A report card that the state’s civil engineers prepared gave dismal grades to Pennsylvania infrastructure on Wednesday, including a D-minus for roads and a D-plus for bridges.
But there was an undercurrent of optimism at an event to publicize the Report Card for Pennsylvania’s Infrastructure, thanks to last fall’s enactment of a major transportation funding bill that will generate up to $2.3 billion per year in new revenue.
“There is good news on the way, beginning right now,” said Dan Cessna, district executive for the Pennsylvania Department of Transportation.
The report card, which the state sections of the American Society of Civil Engineers issues every four years, graded 16 categories of infrastructure, assigning an overall grade of C-minus. That was a minor improvement from the 2010 report, which gave the state a D-plus.
“Infrastructure is at the foundation of our economy,” said Ralph Gilbert, past president of the society’s Pittsburgh section. “In order for Pennsylvania to create a better future for itself, it must have better infrastructure. Modernizing Pennsylvania’s infrastructure will drive the economy, keep our families safe and save us some money.

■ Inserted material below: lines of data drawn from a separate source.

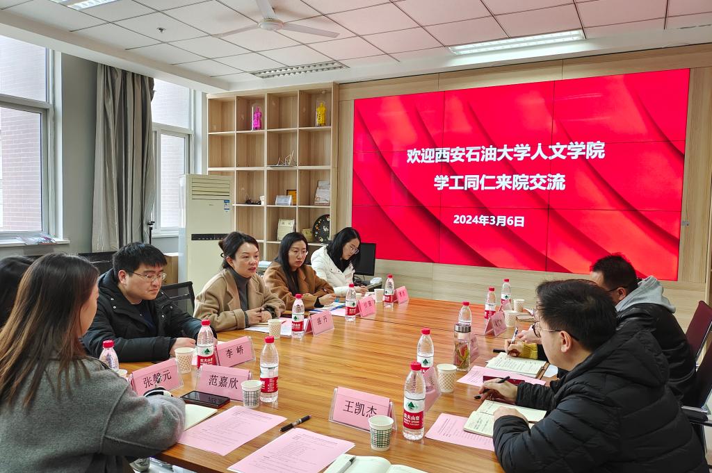 為落實西安石油大學(xué)第三次黨代會精神,進一步提高學(xué)工干部工作能力和管理水平,更高質(zhì)量開展學(xué)生教育管理,多措并舉提升思想政治工作實效。3月6日,根據(jù)《西安石油大學(xué)人文學(xué)院學(xué)工干部訪學(xué)提質(zhì)計劃》安排,人文學(xué)院黨委副書記盛丹帶領(lǐng)學(xué)院全體學(xué)工干部赴西北政法大學(xué)新聞傳播學(xué)院、西安郵電大學(xué)數(shù)字藝術(shù)學(xué)院調(diào)研學(xué)習(xí)。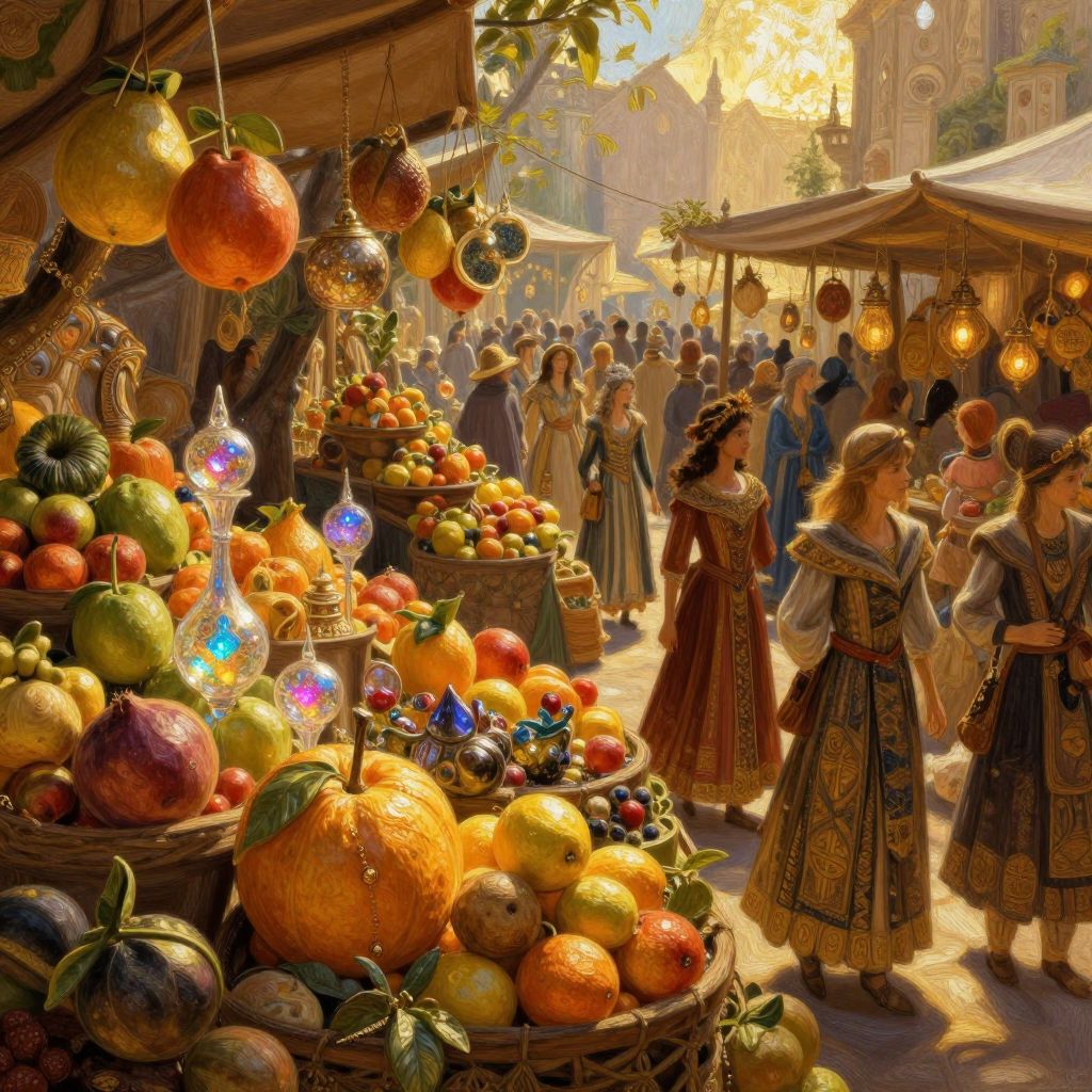 This vibrant digital painting depicts a bustling medieval market under a canopy of golden sunlight. Colorful fruits, including oranges, apples, and gourds, are displayed in wicker baskets, adorned with glowing, intricately patterned lanterns. Medieval villagers, dressed in detailed, ornate clothing with rich textures and patterns, navigate the crowded marketplace. Men and women, with varying hair colors and styles, engage in conversation and haggling. The background reveals a distant, sunlit cathedral with Gothic architecture, adding an aura of historical grandeur. The warm, golden light enhances the rich, colorful palette and intricate details, creating a lively, enchanting scene.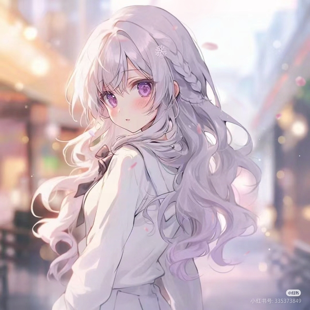 白紫色的长长发,神秘紫的眼眸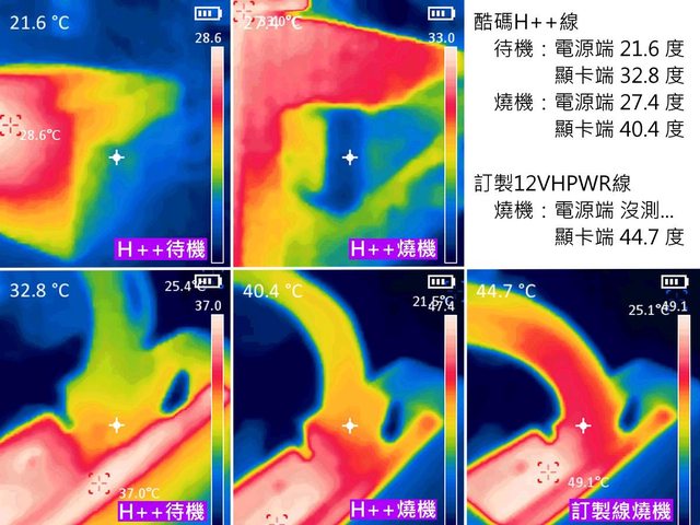 雖然個人沒有訂製線在燒機時電源端的溫度照片,但個人測試時訂製線與H++線電源端溫
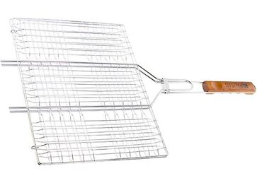 Решетка-гриль предназначена для запекания мяса, птицы, рыбы и овощей над углями на открытом воздухе. Изготовлена из высококачественной жаростойкой стали с хромовым покрытием. Деревянная рукоятка не нагревается и хорошо лежит в руке, что обеспечивает безопасность приготовления пищи. Увеличенные опорные стержни позволяют удобно расположить решетку на мангале и задействовать ее поверхность полностью. Широкое и плоское кольцо-фиксатор предотвращает самопроизвольное открывание решетки. None Страна производства: Китай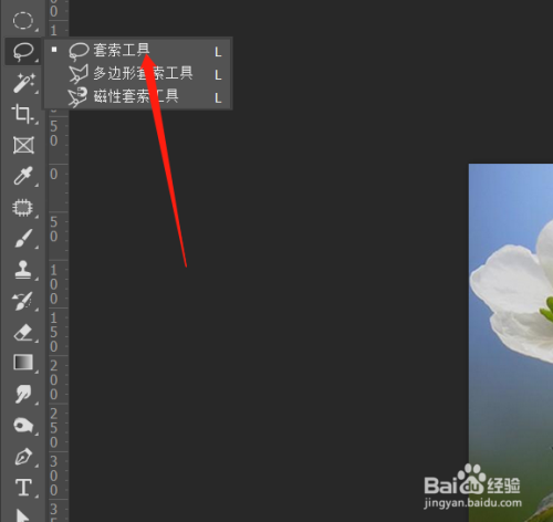选择左侧工具栏的套索工具,选中需要变换颜色的区域。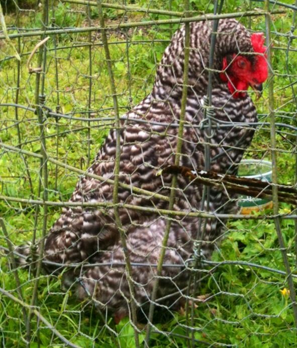 She's normally free range, so I put small cage around her so she can still be with her peers. Any help would be very appreciated. Thank you for reading.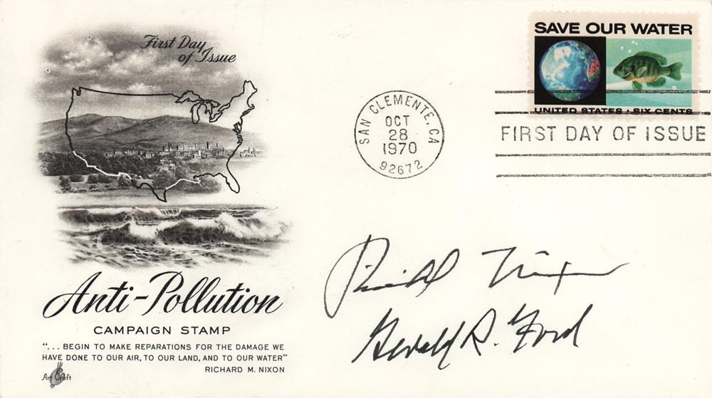FDC with a cachet honoring an anti-pollution campaign, signed in black felt tip by Richard Nixon and Gerald R. Ford. In very fine condition.
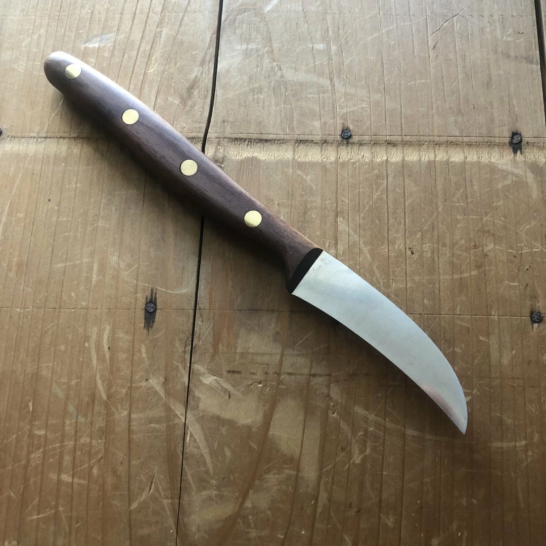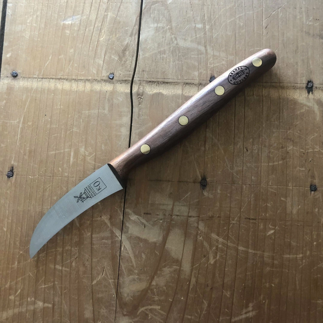 The K0 bird’s beak knife has a curved blade; a classic paring knife, perfect for peeling or any small prep work. The Windmühlenmesser ‘K’ series knives are inspired by classic Japanese double bevel designs. They have thin geometry and are easy to sharpen, making them a shop favorite. The blades feature a ‘blue’ glaze, a shiny final polish from natural stone powder. The ergonomic handles are hand polished and shaped.
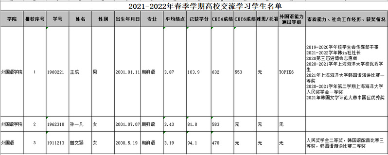 根据教务处文件《关于选派2021-2022学年春季学期赴韩国明知大学交流学习的通知》要求,经个人申请,公司审核,现将402永利集团2021-2022年春季学期赴韩国明知大学交流学习候选人上报教务处,特此公示。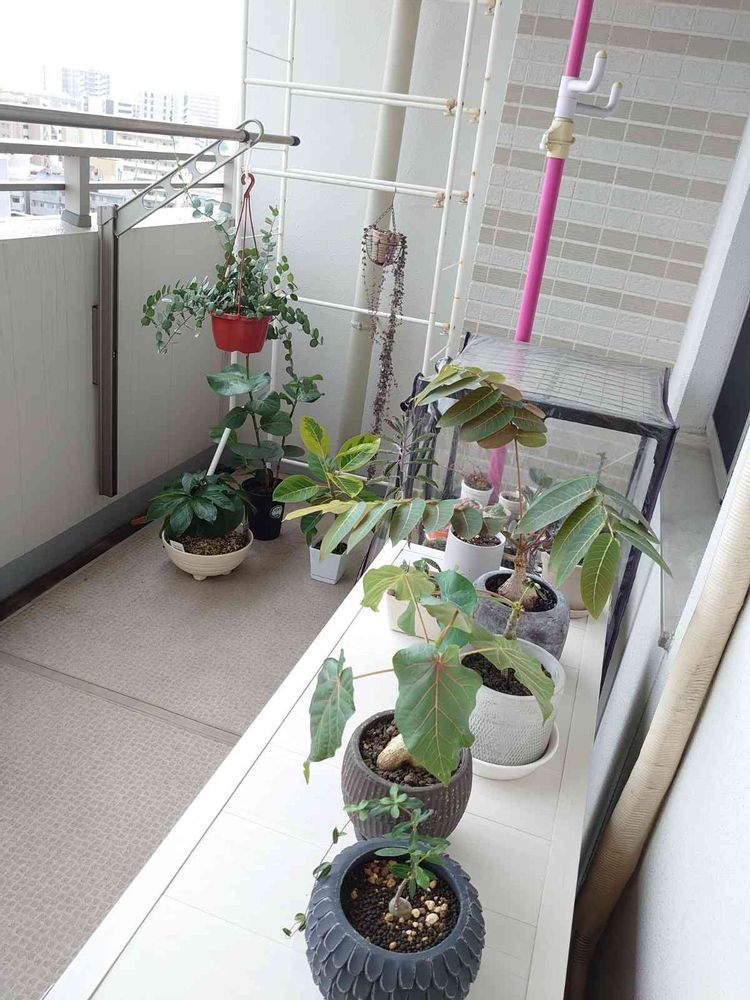 やっとやっと室外機カバーを購入しましたので、塊根さんたちを並べてみました🌱🌿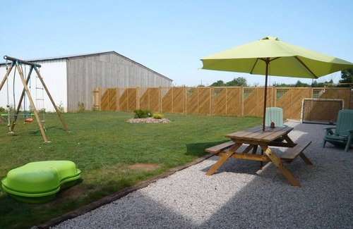 House adjoining the owner's house and another rental property. Living room. Kitchenette. Laundry area with toilet. Upstairs, bedroom 1 (1 double bed and a crib), bedroom 2 (2 single beds). Shower room. Toilet. TV. DVD player. Wi-Fi. Washing machine. Dishwasher. Baby equipment available. Single sofa bed. All utilities included. Beds made and towels provided. Cleaning service included. Private, south-facing enclosed garden at the rear. Shared enclosed courtyard at the front. Picnic table. Deckchairs. Barbecue. Swing set. Ping-pong table and trampoline for shared use. Shelter. Within this imposing farm building made of local stone, a comfortable cottage awaits you. A large outdoor area is available with games for the whole family to relax. This farm is ideally located between Ste Mère Eglise and the beach (Utach Beach is 7 km away).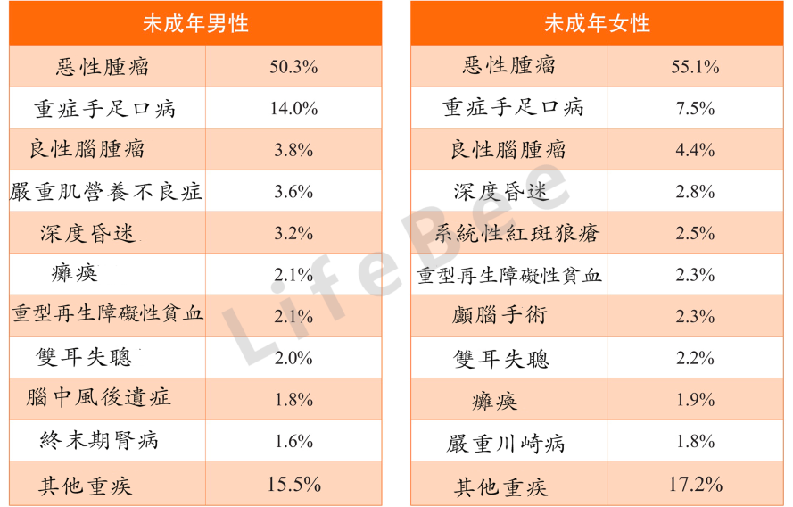 重疾为恶性肿瘤、重症手足口病、良性脑肿瘤,三者合计占比接近 70%。
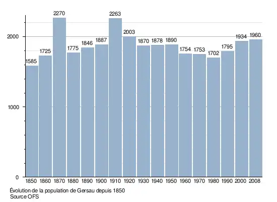 Le graphique suivant résume l'évolution de la population de Gersau entre 1850 et 2008[3] :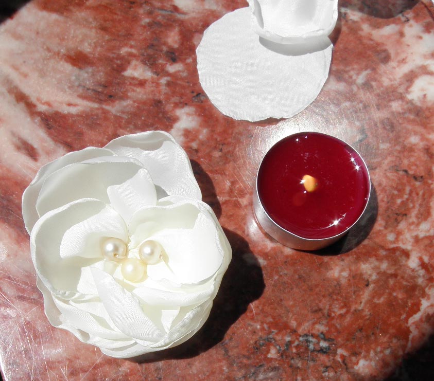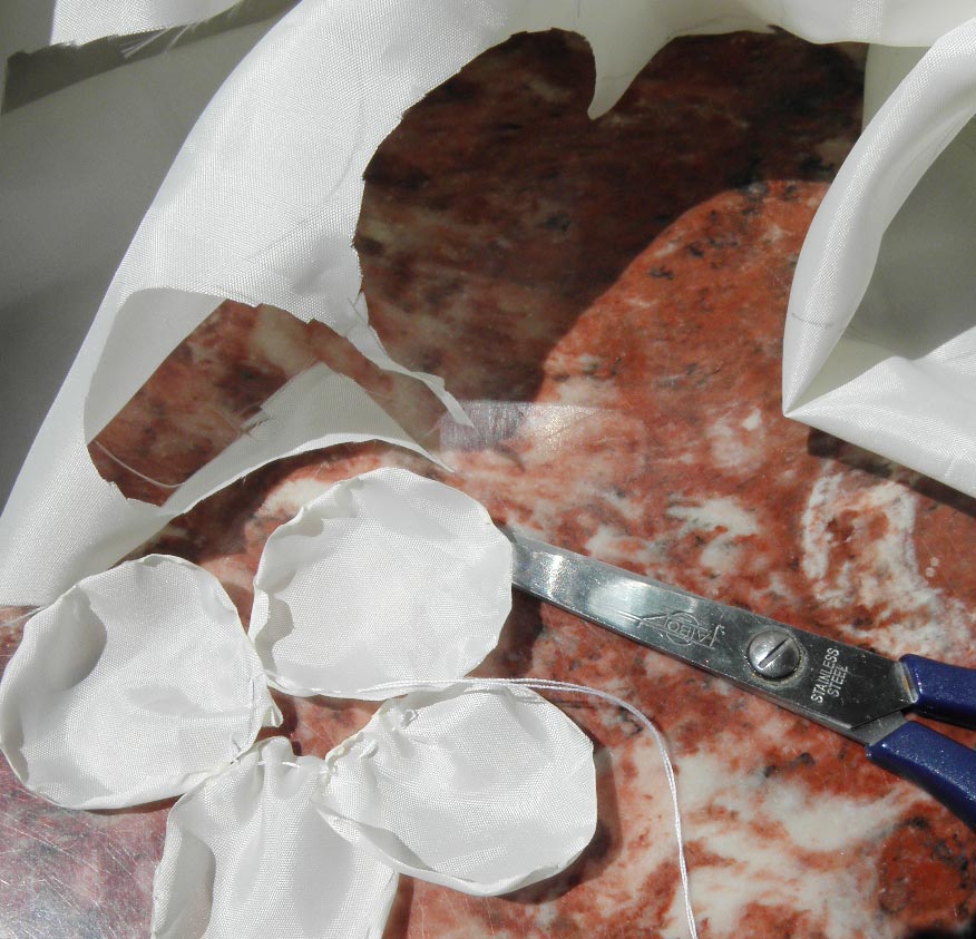Es de lo más sencillo, cada flor tiene doce pétalos (círculos) . En la fotos ves el montaje del comienzo con cuarto pétalos después del sellar los bordes con la llama de una vela , si es aromatizada mejor, no por nada sino por que huele muy bien.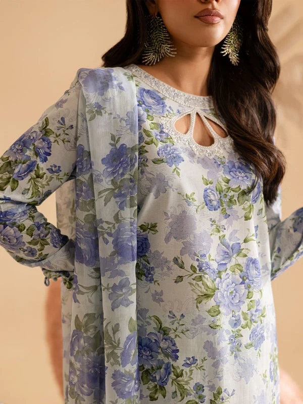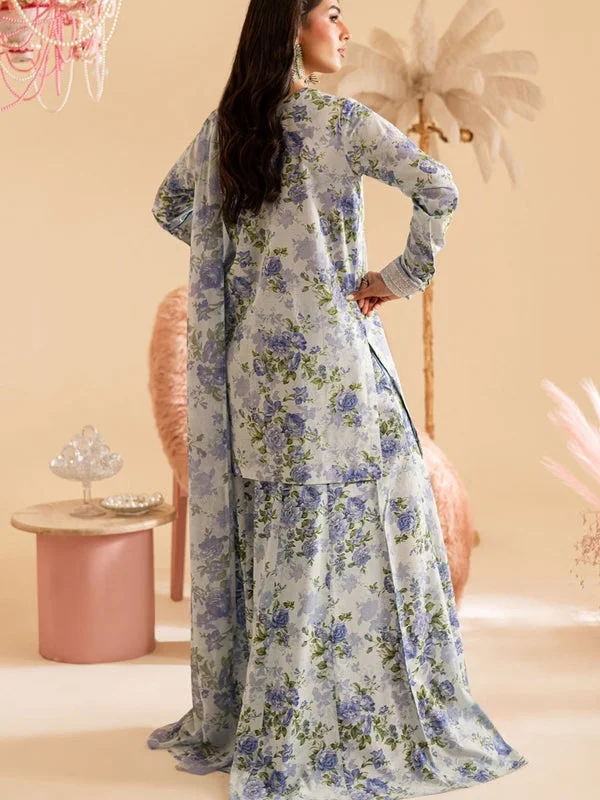 Embroidered And Printed Dorya Lawn Shirt With Printed Darya Cotton Gharara Pants And Printed Chiffon Dupatta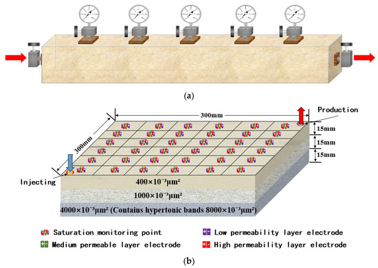 (1) Four kinds of artificial cylindrical cores with different permeability were used. The cylindrical cores were vacuumed and saturated with water until the pressure gauge reached −0.1 MPa. The vacuumed core was loaded into the core holder and 10 MPa confining pressure was applied.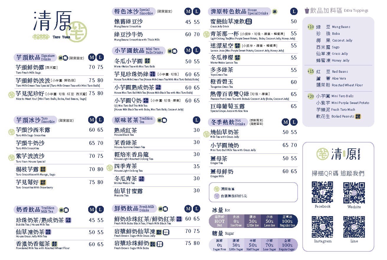 清原芋圓主打手工芋圓、湯圓、冰品、仙草、芋頭招牌飲品、台灣茶類等品項,一年四季都能滿足饕客欲求不滿的味蕾!滿滿的配料是它的一大特色~堅持使用天然的食材,重視反璞歸真的台灣味,本著對甜品與飲料的熱情,用心投入專研,並且從失敗中改進,做出專屬於清原芋圓的特色口味!喜愛芋頭的麻吉們趕快把握優惠快去品嘗料多實在的冰品,還有各式純茶及奶類可選,去就對了!
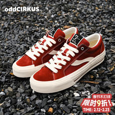 顽刻官方酒红美拉德春季校园风W系列翻毛皮帆布男女国潮滑板鞋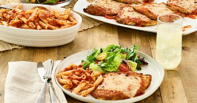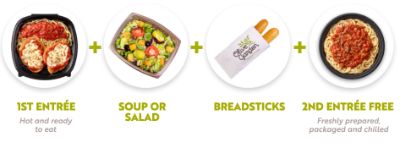 While it’s not quite a family meal, Olive Garden is offering their much loved BOGO Take Out Meals. Grab one entree and get salad, breadsticks and a second entree for later. Meals are $12.99 for everything.
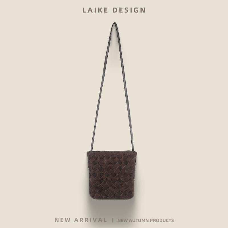 Women's Genuine Leather Woven Crossbody Bucket Bag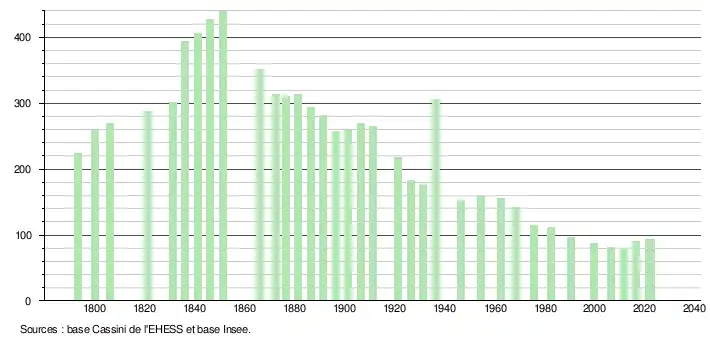 L'évolution du nombre d'habitants est connue à travers les recensements de la population effectués dans la commune depuis 1793. Pour les communes de moins de 10 000 habitants, une enquête de recensement portant sur toute la population est réalisée tous les cinq ans, les populations de référence des années intermédiaires étant quant à elles estimées par interpolation ou extrapolation[17]. Pour la commune, le premier recensement exhaustif entrant dans le cadre du nouveau dispositif a été réalisé en 2006[18].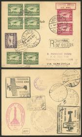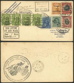 201 ECUADOR - HISTORIA POSTAL - VUELOS Sobre / N°Cat.: MB. Sobre volado el 15/MAY/1930 en el vuelo militar Latacunga-Ambato en avión militar, llegando a Ambato por vía aérea el 15/MAY y de allí transportado por ferrocarril a Guayaquil (arribó el 17/MAY), y luego fué transportado en el vuelo GUAYAQUIL - MARACAIBO (llegó allí el 3/JUN) y finalmente viajó a Caracas, arribando el 8/JUN, muy buena calidad, atractiva combinación de vuelos! Precio inicial: US$ 200 Precio actual: US$ 200 Oferte US$ 200 o más | |

The cost only increases as we delay action.”
Mr. Cessna said the state will spend another $700 million and do 250 more highway and bridge projects this year thanks to Act 89, the funding measure that the Legislature and Gov. Tom Corbett approved last year. It expects to improve 10,000 miles of roads and 7,000 bridges in coming years. “That should have a huge impact on the grades,” he said.
Although PennDOT has reduced the number of bridges rated structurally deficient from a high of 5,900 to 4,147 in recent years, it still leads the nation in deficient bridges. “Our work ahead of us is huge,” Mr. Cessna said.
Bill Flanagan, senior vice president at the Allegheny Conference on Community Development, said, “We’ve heard again and again from our member organizations about difficulties in moving goods and getting people to work ... This issue has been front and center among our members for a number of years.”
About 44 percent of the state’s roads were in fair or poor condition as of 2012, the report said, citing PennDOT data. Traffic congestion costs a typical driver 182 hours of wasted time and 86 gallons of wasted fuel, with the overall cost to drivers estimated at $3.7 billion annually.
While giving the state’s public transit a D, the report noted that Act 89 “provides much needed funding stability for transit systems across the state to operate, improve service and replace aging equipment with more efficient models.”
Grading the state’s wastewater systems at D-minus, the engineers said Pennsylvania has the largest number of overflows from combined storm and sanitary sewers in the nation.
Funding for improvements is less than 25 percent of what is needed, they said.
Other grades: dams, C-minus; drinking water, D; energy, C; freight rail, B; levees, C-minus; schools, C-minus; inland waterways, D-plus; hazardous waste, B-minus; parks, B-minus; ports, C-plus; solid waste, C-plus; and stormwater, D-plus.
More than 60 engineers helped to compile the report, said Greg Scott, chairman of the Pittsburgh section’s report card committee.
It can be viewed at www.pareportcard.org.
Mr. Cessna said it is important that Congress continue to fund transportation at or above current levels.
The federal law authorizing transportation projects expires at the end of September, and lawmakers have been unable to agree on whether to pass a short-term extension or long-term replacement, and they remain at odds over funding levels.
“Without a robust federal transportation bill, the positive impacts of Act 89 and other state resources will not be able to be realized,” he said.
On Wednesday in Washington, a key player in transportation legislation said the nation was “on the verge of a transportation government shutdown.”
“We are facing a mayday situation, and I am here to send an SOS call to Congress and the American people,” said Sen. Barbara Boxer, D-Calif., chairwoman of the Environment and Public Works Committee.
Federal payments to states could be slowed as soon as next month because the Highway Trust Fund is nearly out of money, she said.